This NYTimes article, "Does America Need Manufacturing?," perfectly encapsulates why industrial policy must become a major component of the government's efforts to renew and rebuild the American economy. There are strong echoes in this article of Clyde Prestowitz' "The Betrayal of American Propserity," a book that convinced me to move away from software programming and toward economics.
Important Quotes:
For decades, the federal government has generally resisted throwing its weight - and its money - behind particular industries. If the market was killing manufacturing jobs, it was pointless to fight it. The government wasn't in the business of picking winners.
Repatriating a high-tech manufacturing plant to the United States is not simply a matter of hiring the local talent. It requires good-old foreign know-how. "We call it 'copy exact,' " Forcier said. "We bought a company in Korea that had the technology around this type of battery and had developed the manufacturing process there. We basically brought that here, copied it exactly and scaled it up." A123 also brought a team of six Korean engineers to help transfer the technology to the U.S. and sent a team of Americans to Korea to learn.

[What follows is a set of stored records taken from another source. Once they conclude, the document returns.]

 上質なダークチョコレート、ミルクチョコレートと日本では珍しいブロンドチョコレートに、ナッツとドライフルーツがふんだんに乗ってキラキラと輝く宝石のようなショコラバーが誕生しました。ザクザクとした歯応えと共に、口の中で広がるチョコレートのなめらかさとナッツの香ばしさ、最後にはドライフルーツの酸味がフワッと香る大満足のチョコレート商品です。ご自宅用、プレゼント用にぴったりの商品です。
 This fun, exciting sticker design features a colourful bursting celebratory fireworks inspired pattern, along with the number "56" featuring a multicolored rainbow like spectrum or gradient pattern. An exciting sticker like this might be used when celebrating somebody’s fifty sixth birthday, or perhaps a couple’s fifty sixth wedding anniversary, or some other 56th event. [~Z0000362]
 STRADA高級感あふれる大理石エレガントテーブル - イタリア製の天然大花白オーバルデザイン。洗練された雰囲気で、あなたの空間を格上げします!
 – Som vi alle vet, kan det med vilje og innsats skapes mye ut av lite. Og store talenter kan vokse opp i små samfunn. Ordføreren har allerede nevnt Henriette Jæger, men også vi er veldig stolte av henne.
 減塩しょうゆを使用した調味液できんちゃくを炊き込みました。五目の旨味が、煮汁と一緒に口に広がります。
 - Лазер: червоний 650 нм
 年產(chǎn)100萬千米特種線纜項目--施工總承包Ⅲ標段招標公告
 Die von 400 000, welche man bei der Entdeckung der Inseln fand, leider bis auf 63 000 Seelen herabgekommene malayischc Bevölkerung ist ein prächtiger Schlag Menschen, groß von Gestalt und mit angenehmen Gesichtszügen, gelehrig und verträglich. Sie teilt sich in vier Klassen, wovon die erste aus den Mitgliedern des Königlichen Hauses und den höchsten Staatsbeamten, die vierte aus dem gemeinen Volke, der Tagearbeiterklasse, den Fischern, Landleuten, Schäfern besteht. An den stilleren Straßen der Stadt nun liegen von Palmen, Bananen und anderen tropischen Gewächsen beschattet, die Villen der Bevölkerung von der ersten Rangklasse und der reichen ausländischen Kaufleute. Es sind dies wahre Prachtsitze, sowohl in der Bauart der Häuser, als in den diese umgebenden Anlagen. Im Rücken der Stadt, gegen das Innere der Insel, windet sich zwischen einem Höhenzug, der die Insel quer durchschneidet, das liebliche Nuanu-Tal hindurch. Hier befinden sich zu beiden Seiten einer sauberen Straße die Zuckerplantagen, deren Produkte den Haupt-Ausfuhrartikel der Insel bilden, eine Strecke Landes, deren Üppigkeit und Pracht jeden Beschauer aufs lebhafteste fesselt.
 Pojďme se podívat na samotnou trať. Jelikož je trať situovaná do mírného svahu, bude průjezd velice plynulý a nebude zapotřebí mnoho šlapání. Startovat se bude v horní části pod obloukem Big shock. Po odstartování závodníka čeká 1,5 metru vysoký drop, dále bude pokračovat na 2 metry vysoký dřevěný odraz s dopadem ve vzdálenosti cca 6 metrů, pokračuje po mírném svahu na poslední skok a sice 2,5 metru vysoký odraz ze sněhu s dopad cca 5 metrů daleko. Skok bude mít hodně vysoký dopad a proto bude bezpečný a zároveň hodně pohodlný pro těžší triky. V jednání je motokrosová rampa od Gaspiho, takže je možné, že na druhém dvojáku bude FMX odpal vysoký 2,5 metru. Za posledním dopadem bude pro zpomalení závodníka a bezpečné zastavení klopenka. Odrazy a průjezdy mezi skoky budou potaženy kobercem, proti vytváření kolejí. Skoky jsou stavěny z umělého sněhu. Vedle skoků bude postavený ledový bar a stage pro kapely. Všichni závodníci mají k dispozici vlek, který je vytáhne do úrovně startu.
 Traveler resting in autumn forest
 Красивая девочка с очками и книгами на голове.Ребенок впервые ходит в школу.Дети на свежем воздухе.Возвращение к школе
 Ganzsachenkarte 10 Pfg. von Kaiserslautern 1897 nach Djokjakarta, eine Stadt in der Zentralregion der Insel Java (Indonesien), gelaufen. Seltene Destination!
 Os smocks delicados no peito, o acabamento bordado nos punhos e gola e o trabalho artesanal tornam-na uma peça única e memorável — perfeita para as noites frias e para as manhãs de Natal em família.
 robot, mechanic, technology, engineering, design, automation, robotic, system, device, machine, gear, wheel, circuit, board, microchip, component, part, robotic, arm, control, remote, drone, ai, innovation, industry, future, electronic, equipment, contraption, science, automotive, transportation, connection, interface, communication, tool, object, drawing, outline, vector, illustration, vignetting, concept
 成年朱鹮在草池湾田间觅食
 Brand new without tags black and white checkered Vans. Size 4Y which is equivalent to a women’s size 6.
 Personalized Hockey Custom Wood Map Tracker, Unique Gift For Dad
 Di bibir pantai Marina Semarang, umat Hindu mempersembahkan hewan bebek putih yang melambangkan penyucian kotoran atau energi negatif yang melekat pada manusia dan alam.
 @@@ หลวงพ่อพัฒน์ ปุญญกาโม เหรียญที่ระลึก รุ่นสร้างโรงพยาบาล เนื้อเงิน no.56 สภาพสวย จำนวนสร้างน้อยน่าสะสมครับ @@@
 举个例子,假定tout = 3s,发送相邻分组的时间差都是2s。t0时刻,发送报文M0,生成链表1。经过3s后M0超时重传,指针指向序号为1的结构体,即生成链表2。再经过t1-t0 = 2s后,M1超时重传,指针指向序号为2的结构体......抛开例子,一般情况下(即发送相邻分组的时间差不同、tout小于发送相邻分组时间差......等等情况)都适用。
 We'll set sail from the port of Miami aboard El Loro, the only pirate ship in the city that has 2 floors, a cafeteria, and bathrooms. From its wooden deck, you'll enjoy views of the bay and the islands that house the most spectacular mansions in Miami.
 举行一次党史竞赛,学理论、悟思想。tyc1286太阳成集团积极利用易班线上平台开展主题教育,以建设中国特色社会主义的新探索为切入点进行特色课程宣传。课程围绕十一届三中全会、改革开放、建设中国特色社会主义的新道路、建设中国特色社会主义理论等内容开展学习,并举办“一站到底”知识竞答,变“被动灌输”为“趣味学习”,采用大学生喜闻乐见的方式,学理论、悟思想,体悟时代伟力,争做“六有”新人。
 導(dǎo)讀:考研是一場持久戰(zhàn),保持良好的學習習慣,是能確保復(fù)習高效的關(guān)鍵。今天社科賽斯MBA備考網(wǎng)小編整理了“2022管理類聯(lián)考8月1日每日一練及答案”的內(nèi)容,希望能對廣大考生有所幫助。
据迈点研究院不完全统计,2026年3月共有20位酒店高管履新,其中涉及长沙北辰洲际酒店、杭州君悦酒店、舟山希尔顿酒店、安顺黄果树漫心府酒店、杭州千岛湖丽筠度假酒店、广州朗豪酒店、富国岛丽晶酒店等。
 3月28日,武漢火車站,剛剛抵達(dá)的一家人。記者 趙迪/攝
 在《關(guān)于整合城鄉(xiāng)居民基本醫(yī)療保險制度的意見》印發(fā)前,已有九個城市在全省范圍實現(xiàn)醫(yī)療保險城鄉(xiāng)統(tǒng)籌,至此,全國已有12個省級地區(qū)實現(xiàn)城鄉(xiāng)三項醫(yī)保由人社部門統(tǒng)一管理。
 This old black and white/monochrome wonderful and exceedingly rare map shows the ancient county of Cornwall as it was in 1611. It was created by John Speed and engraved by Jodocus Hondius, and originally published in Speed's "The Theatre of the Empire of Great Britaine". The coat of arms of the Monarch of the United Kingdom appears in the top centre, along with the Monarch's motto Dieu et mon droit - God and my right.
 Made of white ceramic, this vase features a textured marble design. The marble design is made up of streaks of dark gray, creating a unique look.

And most importantly to what I study:
Federal agencies like the Department of Energy have long financed scientific research - through university grants, for instance - on technologies like lithium-ion batteries. But a basic feature of government policy is to allow corporations and entrepreneurs to pick through the results of that research, commercialize the promising ideas and let the market sort things out. In other countries, it often works differently. Governments are more willing to help companies pool information about a new industry or technology and (especially in Korea and China) assist with the early-stagecommercialization of products, including the construction of plants. While Patil was getting booted from executive offices at Ford, companies in Asia, in some cases with a boost from their governments, focused on streamlining the manufacturing process. Battery performance steadily improved, and costs dropped. By the mid-2000s, it was clear that if the lithium-ion battery continued to get better at the same rate, the product might soon be suited for automobiles.
This is the story of a hundred different small industries that have been moved out of the United States due to the more aggressive policies of other governments. At some point, the U.S. will have to respond if it ever hopes to change the economy's dynamic.